▶ Data in this exercise
=-=-=-=-=

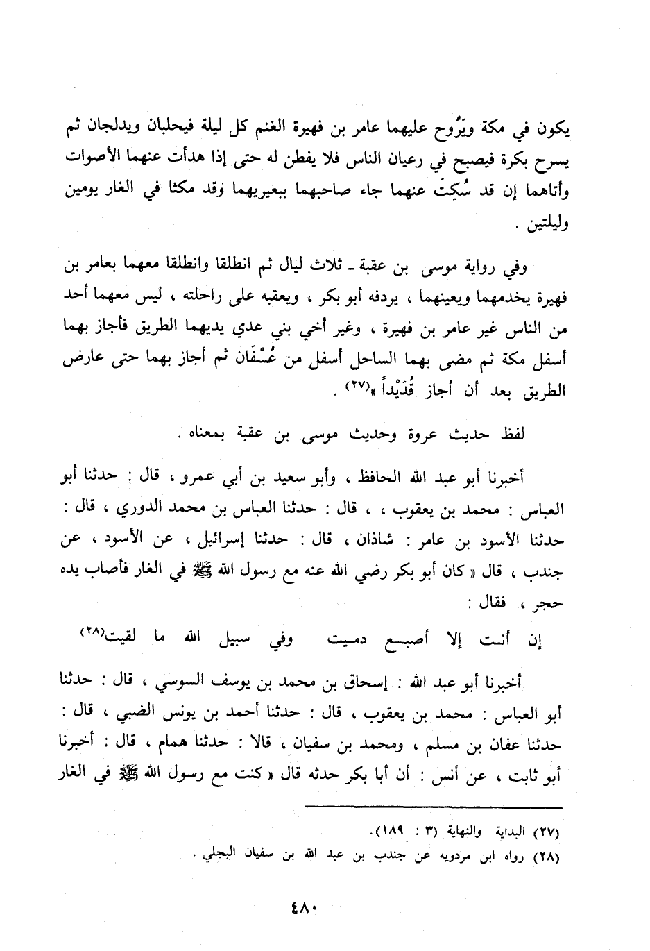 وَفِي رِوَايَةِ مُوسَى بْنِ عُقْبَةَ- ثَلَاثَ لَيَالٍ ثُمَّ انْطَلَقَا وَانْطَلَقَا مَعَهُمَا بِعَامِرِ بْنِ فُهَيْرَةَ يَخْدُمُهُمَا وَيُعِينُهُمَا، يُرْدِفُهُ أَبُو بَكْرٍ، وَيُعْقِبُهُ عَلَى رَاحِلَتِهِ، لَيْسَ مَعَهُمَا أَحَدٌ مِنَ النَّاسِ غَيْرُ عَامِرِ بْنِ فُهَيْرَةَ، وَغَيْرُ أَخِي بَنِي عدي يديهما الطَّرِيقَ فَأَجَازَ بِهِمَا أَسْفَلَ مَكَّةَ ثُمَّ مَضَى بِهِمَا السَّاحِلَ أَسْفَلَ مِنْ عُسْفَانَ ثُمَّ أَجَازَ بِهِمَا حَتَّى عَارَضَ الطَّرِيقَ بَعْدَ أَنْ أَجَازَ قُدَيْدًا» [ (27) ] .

=-=-=-=-=

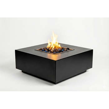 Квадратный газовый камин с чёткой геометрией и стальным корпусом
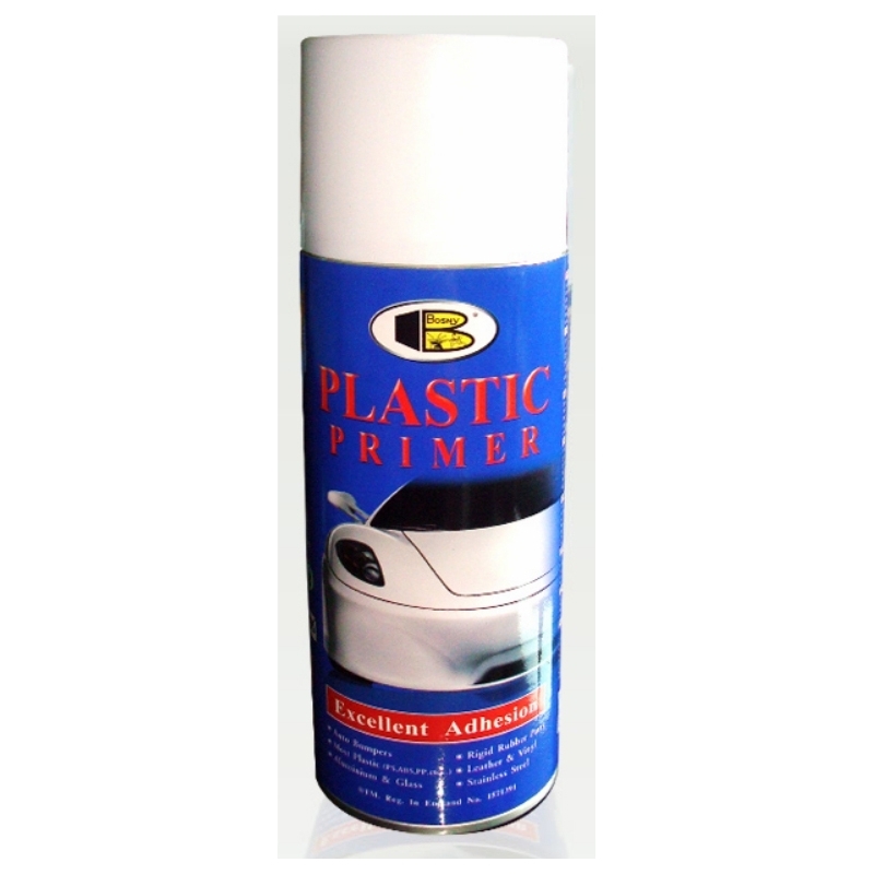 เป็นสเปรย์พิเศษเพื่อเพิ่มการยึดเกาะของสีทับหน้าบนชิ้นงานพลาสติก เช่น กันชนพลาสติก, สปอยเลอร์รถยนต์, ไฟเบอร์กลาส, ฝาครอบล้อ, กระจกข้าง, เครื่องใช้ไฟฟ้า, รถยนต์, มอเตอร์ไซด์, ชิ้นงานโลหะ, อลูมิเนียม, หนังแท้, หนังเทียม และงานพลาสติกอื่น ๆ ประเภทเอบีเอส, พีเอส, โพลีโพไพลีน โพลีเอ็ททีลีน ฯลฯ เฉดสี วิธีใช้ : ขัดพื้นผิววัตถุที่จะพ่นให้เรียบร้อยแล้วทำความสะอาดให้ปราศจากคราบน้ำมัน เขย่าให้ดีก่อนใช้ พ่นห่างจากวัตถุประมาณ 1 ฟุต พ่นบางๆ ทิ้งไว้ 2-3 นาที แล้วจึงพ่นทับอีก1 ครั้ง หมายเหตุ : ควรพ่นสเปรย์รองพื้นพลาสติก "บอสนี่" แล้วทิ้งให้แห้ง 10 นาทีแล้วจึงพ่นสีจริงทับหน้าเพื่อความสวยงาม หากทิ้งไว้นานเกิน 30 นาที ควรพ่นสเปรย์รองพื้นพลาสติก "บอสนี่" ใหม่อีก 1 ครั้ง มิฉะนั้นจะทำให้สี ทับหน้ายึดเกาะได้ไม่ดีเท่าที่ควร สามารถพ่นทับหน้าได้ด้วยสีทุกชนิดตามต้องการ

=-=-=-=-=

▶ Exercise details
With the pictures removed, print only the lines starting at the line that has "Квадратный газовый камин" and ending at the line that has "อลูมิเนียม, หนังแท้, หนังเทียม", both ends included, exactly as they stand above.

▶ Exercise answer
 Квадратный газовый камин с чёткой геометрией и стальным корпусом
 เป็นสเปรย์พิเศษเพื่อเพิ่มการยึดเกาะของสีทับหน้าบนชิ้นงานพลาสติก เช่น กันชนพลาสติก, สปอยเลอร์รถยนต์, ไฟเบอร์กลาส, ฝาครอบล้อ, กระจกข้าง, เครื่องใช้ไฟฟ้า, รถยนต์, มอเตอร์ไซด์, ชิ้นงานโลหะ, อลูมิเนียม, หนังแท้, หนังเทียม และงานพลาสติกอื่น ๆ ประเภทเอบีเอส, พีเอส, โพลีโพไพลีน โพลีเอ็ททีลีน ฯลฯ เฉดสี วิธีใช้ : ขัดพื้นผิววัตถุที่จะพ่นให้เรียบร้อยแล้วทำความสะอาดให้ปราศจากคราบน้ำมัน เขย่าให้ดีก่อนใช้ พ่นห่างจากวัตถุประมาณ 1 ฟุต พ่นบางๆ ทิ้งไว้ 2-3 นาที แล้วจึงพ่นทับอีก1 ครั้ง หมายเหตุ : ควรพ่นสเปรย์รองพื้นพลาสติก "บอสนี่" แล้วทิ้งให้แห้ง 10 นาทีแล้วจึงพ่นสีจริงทับหน้าเพื่อความสวยงาม หากทิ้งไว้นานเกิน 30 นาที ควรพ่นสเปรย์รองพื้นพลาสติก "บอสนี่" ใหม่อีก 1 ครั้ง มิฉะนั้นจะทำให้สี ทับหน้ายึดเกาะได้ไม่ดีเท่าที่ควร สามารถพ่นทับหน้าได้ด้วยสีทุกชนิดตามต้องการ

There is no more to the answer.